PRINCIPLE 1: FOCUS ON THE MESSAGE

“The purpose of a graph is to get someone to say ‘a‐ha’ and to see something the way you do.” – Seth Godin3

The purpose of any visualization should not be to report every single piece of information, or to impress your audience with its beauty, or because everyone else in your field displays this type of graph when presenting their results. It is critical that the purpose of every figure is to use the data that were collected to support the story that you are trying to tell.

It should be obvious to the audience, whether they are experts in your field or novices, what the main point (“the substance”) of the figure is without someone having to talk through its details. The primary challenge in making sure that your figure conveys the correct message is choosing the appropriate plot type, such as a bar plot, scatter plot, line plot, etc. It is important to not blindly follow the precedence set by other researchers in your field. Taking the time to think about the message you are trying to convey can significantly improve how the data are ultimately presented. Figures that act as simple “data dumps” that do not provide insight should be avoided. Although these “data dump” figures may be helpful when exploring a data set for the first time, they should not be presented to an audience unless their inclusion provides insight.

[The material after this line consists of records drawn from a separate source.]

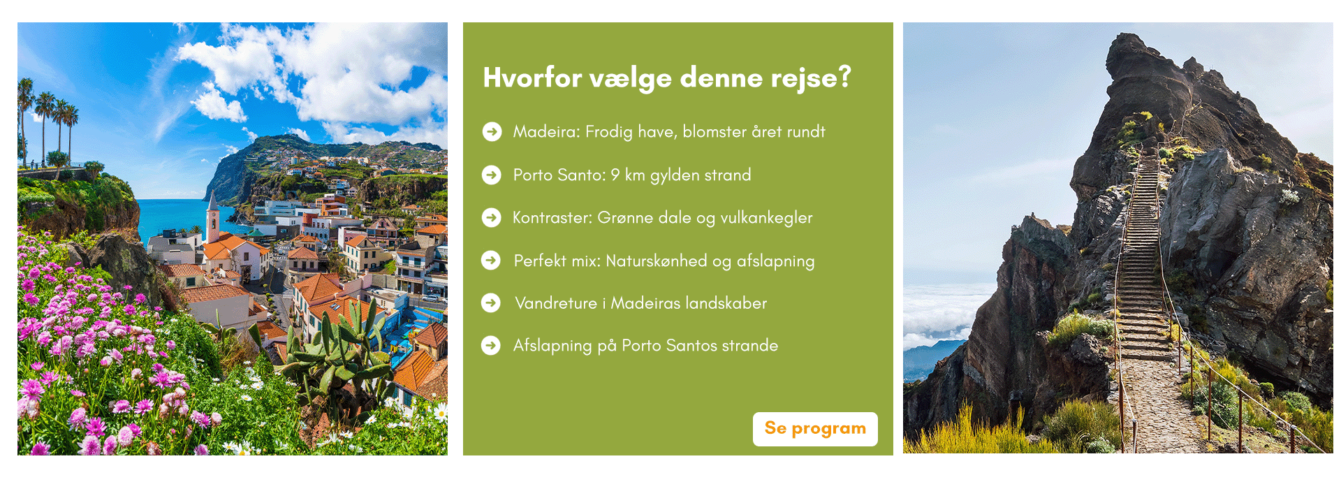 Oplev de storslåede landskaber på Madeira og Porto Santo med vores kombinerede vandreferie, specielt designet til danske rejsende. Denne rejse tilbyder en perfekt blanding af naturoplevelser, kultur og afslapning, hvor vi udforsker nogle af de mest betagende vandreruter i området.
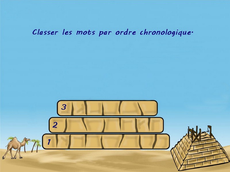 Faites glissez les mots à leur place avec la souris pour les classer par ordre chronologique.
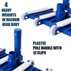 Vacuum Length Material Color Shape Wheels Handle Features 14 INCH High-gra de plastic thickening and aggravating Blue & White Rectangle 4 on each side Blue plastic handle Button&Side Brushes POOL VACUUM HEAD This 14” suction head is equipped with bristles on the bottom and side. You can scrub the bottom of the swimming pool, landscape pool, and fishing ponds while sucking the dirt, which is convenient and time-saving. HIGH EFFICIENCY It is usually difficult for the pool suction head to suck the dirt at the bottom and walls of the swimming pool. With this dirt suction head, this problem can be solved. The side brush can brush off the dirt in the corner, and the dirt suction head can easily suck off the brushed dirt, so the pool can be cleaned without dead ends. EASY TO MANEUVER Smoothly rolls on hardy, plastic wheels. Ideal for concrete, pebble bottom, or fiberglass pools. CONVENIENT This 14 inch dirt suction head is portable, convenient for dirt suction. It is non-deformation and durable, suitable for swimming pool with a width of less than 49.2ft. UNIVERSAL FIT Fits standard 1.5" vacuum tubes and standard 1.25" telescoping poles. HOW TO USE Connect the sewage suction head directly to the sewage suction pipe (NOTE: Connect to the joint that can be rotated), and put the telescopic rod into the special joint of the sewage suction. Pool Vacuum Head for Above Ground Pools This suction head is a 14-inch plastic suction head with bristles, a plastic handle, and brushes on the bottom and sides. It can scrub the bottom of the pool when absorbing dirt, which is flexible and convenient.
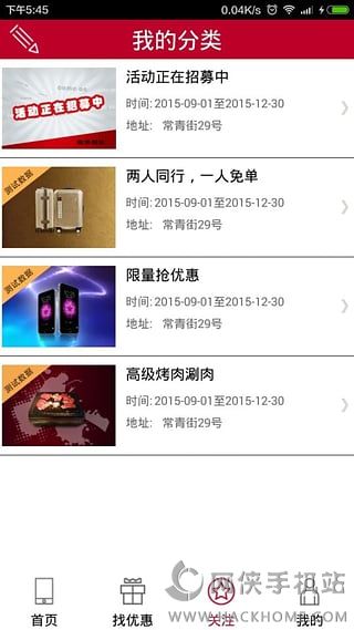 1.首页:汇聚最新活动,限时抢购,限量抢购优惠力度空前。推荐商家及活动经过严格筛选,给用户带来最大的实惠。

As an example, the same toy data set is displayed in three different ways in Figure 1, with each panel resulting in a different conclusion. If the patient identifications are sorted in chronological order, as in panel A, the audience may conclude that the main take‐away point should be that there are no obvious time‐dependent effects (e.g., run‐order or assay batch effects), inherent in the data. Panel B compares the distribution of genes A and B with box plots. The audience will likely conclude that the main story is that gene B has a slightly higher median than gene A, and that gene B has a much larger spread than gene A. (As an important if not pedantic aside, it is worth noting that the potential difference in medians and the dynamic ranges of the measurements from gene A and gene B are masked in panel A due to the use of different limits on the y‐axes between the two subplots, and that the larger spread of gene B is only revealed once the values for each gene are plotted side‐by‐side on the same scale as in panel B.) Panel C shows the association between genes A and B using a scatterplot and displaying the correlation. This display allows the audience to conclude that genes A and B are strongly correlated. This simple example illustrates how important it is to choose the correct visualization that appropriately illustrates the message you want your audience to absorb.

Figure 1.

Figure 1

Three different visualization for genes A and B. The same toy data set displayed as (a) line plots where the x‐axis is the patient's identification, (b) box plots with the individual points overlaid, and (c) a scatter plot with the Pearson correlation coefficient (r). This demonstrates how the same data set, when visualized in different ways, can cause the audience to draw different conclusions.

If you are unsure whether your display is accurately depicting your story, one suggestion is to provide the figure to a colleague and, without your guidance, have him/her describe the main take‐away items. If they draw the same conclusions as you, great! However, if your colleague tells a different story than your intended message, then you should make another attempt at summarizing the data. Especially with large, complex data sets, it is very common for even the most sophisticated visualization experts to take several iterations before settling on a final display.

PRINCIPLE 2: DISPLAYS MUST BE FIT‐FOR‐PURPOSE

“Graphical displays should induce the viewer to think about the substance rather than about methodology, graphic design, the tech or graphic production, or something else.” – Edward Tufte4

Not only does the message dictate which type of graphical display that should be used, but so does the audience and forum. It is important to keep the larger context of why and for whom you are visualizing the data. The “why” describes the reason for creating the visualization: exploratory analysis, laboratory meeting, journal publication, presentation at a conference, blog post, etc. The “who” pertains to your audience; for example, colleagues in your laboratory or department, experts in your field, a nontechnical audience, etc. It is easy to fall into the trap where you create one type of display for a certain audience, then recycle the same display for a different audience. However, this may not always be the best approach if the audience changes.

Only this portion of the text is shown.